Quem olha o bairro de Santa Cecília, na zona central da cidade, todo impermeabilizado e sem córregos, não pode imaginar que outrora ele foi uma espécie de estância hidromineral. Havia ali um conjunto de chácaras de onde jorravam fontes de água pura, com gás natural e propriedades medicinais que atraiam moradores locais e viajantes em busca de cura para seus males desde meados do século 18.
"Acreditava-se que a água era milagrosa e tinha poderes para tratar doenças do estômago, fígado e problemas de pele, comuns na época", diz o pesquisador e escritor Lincoln Paiva, que resgatou a história no Arquivo Municipal de São Paulo e na Hemeroteca na Biblioteca Nacional. "E o mais interessante é que a crença popular acabou se confirmando." Paiva prepara o lançamento de um livro sobre a cidade nos séculos 16 e 17 chamado "Cosmovisão Paulista" (Editora Afluente), em agosto.
O local onde as fontes brotavam estava onde hoje ficam as ruas Doutor Jaguaribe, Dona Veridiana, Martinico Prado e Aureliano Coutinho. Nessa área, que era o caminho para o município de Jundiaí, havia pelo menos dez mananciais. Diante do grande interesse que o lugar despertava, em 1867, o proprietário de uma das chácaras da região passou a vender água em barris para doentes e curiosos.
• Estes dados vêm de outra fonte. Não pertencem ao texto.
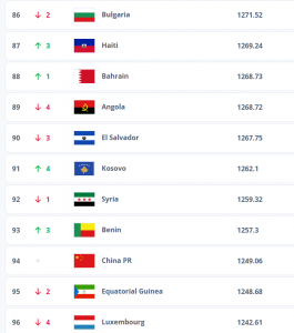 Me botimin e sotëm, FIFA ka vendosur Kosovën në pozitën e 91-të të renditjes botërore të shteteve, ndërsa arsyeja kryesore e kësaj renditjeje ka qenë fitorja e madhe e Kosovës e arritur ndaj Suedisë, që është shtet i ranguar në pozitën e 32-të aktualisht, pasi pësoi rënie.
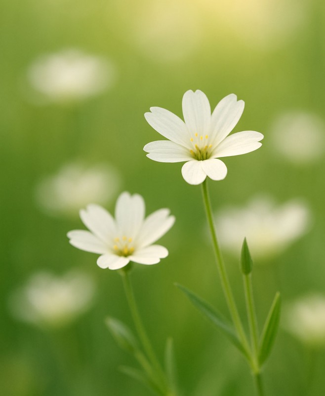 小ぶりで光を柔らかく反射する繊細な花は、セラスチウム(Cerastium)ナデシコ科の小花をイメージしています。白は「純粋さ」「受容」「調和」の象徴。特定の主張や色に染まらず、すべてを受け入れる“余白”の色です。「他人の正解を尊重する」「正解はひとつじゃない」という思想を可視化しています。

Trinta anos mais tarde, o médico Domingos Jaguaribe, especialista em hidrologia médica, decidiu analisar a água no Instituto Pasteur em Paris para confirmar se as crenças tinham fundamento. Segundo Paiva, amostras foram enviadas à França e o laudo técnico confirmou que ela tinha alto teor de enxofre, ferro e bicarbonato de sódio, minerais com reconhecido potencial terapêutico.
Diante da conclusão positiva, Jaguaribe decidiu comprar um grande terreno e instalou ao lado da Santa Casa de Misericórdia seu Instituto Psycho-Physiológico, onde oferecia serviços completos de hidroterapia, eletroterapia, fototerapia e massagem. Ele classificava sua clínica como um "estabelecimento modelo, fundado sob as normas modernas".
Também transformou a água de Santa Cecília num negócio bastante lucrativo. Cobrava mil réis por um banho simples quente ou frio com direito a salão e toalha. Um banho de cachoeira com tanque de natação saia por 800 réis. Já os banhos medicamentosos sulfurosos saiam por 5 mil réis. Ao mesmo tempo, criou sua água engarrafada, a Vitalis, que fez fama no começo do século 20 e era classificada na propaganda como a "Vichy brasileira". A rua Martinico Prado se chamava Vitalis.
Uma circular do Ministério da Fazenda do começo do século 20 autorizava a venda da água mineral da fonte de Santa Cecília, sujeita a imposto de consumo, e a reconhecia como muito sulfurosa e com gás carbônico. A fonte Vitalis chegou a produzir 10 mil litros diários, segundo Paiva, e foi premiada internacionalmente. Sua garrafa era elegante, com um rótulo decorado e lacrada. Era apelidada de "água santa" e consumida pelo Barão do Rio Branco, como mostram os anúncios da época.
Mas a Vitalis sofria com ataques de concorrentes. Em um anúncio encontrado por Paiva, Jaguaribe diz que a Vitalis "é uma potência sujeita às calúnias dos invejosos". Para contrapô-los ele cita os prêmios recebidos pela água nas exposições de Buenos Aires, Anversa, Milão e Rio de Janeiro e cita que foi proclamada a melhor do Brasil no 6º Congresso Médico. Infelizmente, as fontes de Santa Cecília não jorram mais. E o bairro não guarda nenhuma reminiscência desse passado remoto.